My investigator, Howard Flynn, was waiting for me when I arrived at the office, hidden behind a section of the newspaper.
“Come in, Howard,” I said without stopping.
Squeezed tight between the arms of a straight-back chair, Flynn shoved himself up and followed behind me. While I settled into the leather chair behind my desk, Flynn, breathing heavily, lowered himself into the blue wingback chair directly in front. He looked like an aging bouncer in one of those bars where the drinks are watered and the customers too drunk to care. Over six feet tall, and well over two hundred thirty pounds, the skin at the back of his short, squat neck lay in taut, thick folds, as if a hangman had decided that a single rope could never hold him.
His face was blotched like a red rash. Reddish brown hair, graying at the sides, swept back from a flat forehead in a series of small, sharp waves. He was wearing what he always wore, a brown plaid sports coat and a solid brown tie.

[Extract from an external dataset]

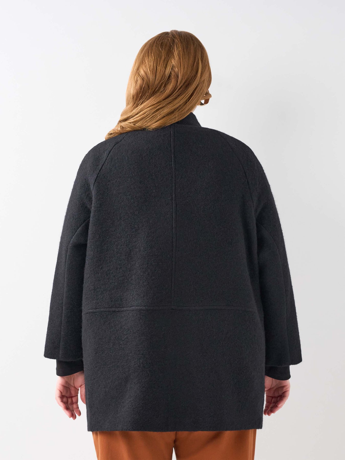 Nothing beats wool to have you feeling as snug as a bug in a rug. Crafted in a refined wool blend, it offers a warm, cosy handle while remaining elegant and refined. The Nehru collar and simple button-through front create a timeless look, complemented by long sleeves and practical front pockets. Falling to hip length, it layers beautifully over tops and knits, making it a versatile and sophisticated choice for winter days and evenings.

The left collar of his starched white shirt curled up at the tip, and the thread on the top button had begun to unravel. Without a word he pulled out a pack of Camels and lit one up.
“You quit drinking,” I remarked as I glanced through the stack of papers my secretary had left on my desk. “Don’t you think it’s time you quit that, too?”

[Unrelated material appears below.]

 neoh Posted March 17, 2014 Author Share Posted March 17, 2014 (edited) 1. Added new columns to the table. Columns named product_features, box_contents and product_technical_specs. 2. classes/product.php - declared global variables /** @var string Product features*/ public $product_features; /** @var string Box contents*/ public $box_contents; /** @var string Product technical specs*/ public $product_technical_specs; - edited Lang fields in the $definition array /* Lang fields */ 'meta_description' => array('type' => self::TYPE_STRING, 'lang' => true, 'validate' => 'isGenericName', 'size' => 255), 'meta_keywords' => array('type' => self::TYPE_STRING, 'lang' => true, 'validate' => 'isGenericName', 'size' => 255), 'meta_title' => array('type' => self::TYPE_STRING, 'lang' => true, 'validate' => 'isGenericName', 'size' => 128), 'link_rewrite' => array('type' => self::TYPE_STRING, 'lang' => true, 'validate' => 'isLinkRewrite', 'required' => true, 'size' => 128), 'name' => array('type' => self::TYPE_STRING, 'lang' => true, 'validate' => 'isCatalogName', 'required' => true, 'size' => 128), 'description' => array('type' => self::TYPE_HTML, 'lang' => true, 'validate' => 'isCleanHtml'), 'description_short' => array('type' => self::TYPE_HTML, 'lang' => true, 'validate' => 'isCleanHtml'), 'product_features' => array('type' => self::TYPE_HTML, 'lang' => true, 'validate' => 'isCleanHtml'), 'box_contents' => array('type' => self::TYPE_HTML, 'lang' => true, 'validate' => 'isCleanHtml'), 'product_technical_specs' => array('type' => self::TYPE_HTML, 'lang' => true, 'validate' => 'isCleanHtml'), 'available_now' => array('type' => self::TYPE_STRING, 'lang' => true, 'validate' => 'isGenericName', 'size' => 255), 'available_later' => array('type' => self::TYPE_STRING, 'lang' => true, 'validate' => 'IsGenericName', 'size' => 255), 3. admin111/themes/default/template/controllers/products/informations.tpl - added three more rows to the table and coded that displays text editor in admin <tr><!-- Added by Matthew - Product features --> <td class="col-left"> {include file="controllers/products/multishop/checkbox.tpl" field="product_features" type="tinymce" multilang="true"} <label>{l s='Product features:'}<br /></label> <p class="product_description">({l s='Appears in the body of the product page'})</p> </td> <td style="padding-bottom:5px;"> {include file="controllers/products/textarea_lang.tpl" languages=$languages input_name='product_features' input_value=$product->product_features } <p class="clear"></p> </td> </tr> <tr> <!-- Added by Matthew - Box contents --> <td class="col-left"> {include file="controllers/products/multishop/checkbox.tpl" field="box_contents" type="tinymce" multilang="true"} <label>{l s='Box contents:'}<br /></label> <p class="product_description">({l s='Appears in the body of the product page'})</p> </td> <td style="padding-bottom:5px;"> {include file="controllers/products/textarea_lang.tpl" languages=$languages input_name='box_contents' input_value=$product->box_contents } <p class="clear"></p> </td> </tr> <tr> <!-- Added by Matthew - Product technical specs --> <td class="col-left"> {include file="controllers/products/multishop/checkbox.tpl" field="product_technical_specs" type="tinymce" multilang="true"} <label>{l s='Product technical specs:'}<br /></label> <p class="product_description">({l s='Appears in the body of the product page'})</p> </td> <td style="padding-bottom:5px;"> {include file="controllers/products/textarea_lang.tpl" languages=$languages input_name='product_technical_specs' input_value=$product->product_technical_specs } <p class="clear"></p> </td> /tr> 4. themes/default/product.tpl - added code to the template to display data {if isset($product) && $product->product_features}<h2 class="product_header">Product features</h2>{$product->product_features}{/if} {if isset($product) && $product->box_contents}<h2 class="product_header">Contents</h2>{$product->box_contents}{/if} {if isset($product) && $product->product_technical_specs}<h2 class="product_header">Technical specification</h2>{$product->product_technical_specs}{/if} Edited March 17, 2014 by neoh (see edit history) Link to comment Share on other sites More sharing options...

“And make the same mistake twice?” Flynn asked in a gruff voice. He took a long drag, and then added, as if it was the end of all argument on the subject, “I’m Cath
olic.”
Each excuse he offered became more bizarre. “What?” I asked, astonished. “What do you mean? The reason you don’t quit is because you’re Catholic?”
He shrugged. “I’m Catholic. That means I believe in the here-after.” He paused as if this was some fine point of theology. “And that means that I’m not some goddamn health nut who doesn’t care about anything except how nice and pink his goddamn lungs are.”
Knitting my brow, I shook my head and studied him through half-closed eyes. “You really should have been a priest. With that kind of logic you might have become a cardinal.”
A faint smile formed on his heavy mouth. “Listen. I became a lawyer. How much more Jesuitical can you be than that?”
We exchanged a glance, a silent acknowledgment of what we both understood and never talked about.
Flynn looked away, the cigarette dangling in his pudgy fingers as he stared out the window. In the distance across the river the snow on the peak of Mt. Hood shimmered a rosy pink in the early morning sun.
“Actually, I was going to be a priest once. My mother wanted me to.” He caught my reaction out of the corner of his eye. “No, really,” he insisted. “I’m not making it up. I was an altar boy.
True story. For almost a year.” He raised his hand to his face and sucked on the cigarette that was stuck between his fingers like a nail driven through a board. “Then the goddamn priest decided he liked me.”
I thought I knew what he meant. “Liked you?”
“Yeah. He tried to put his hands on me. I never went back. My mother never quite got over it.”
“What the priest did?”
“No. I never told her about that. It would have destroyed her.
She was about as devout as they come.”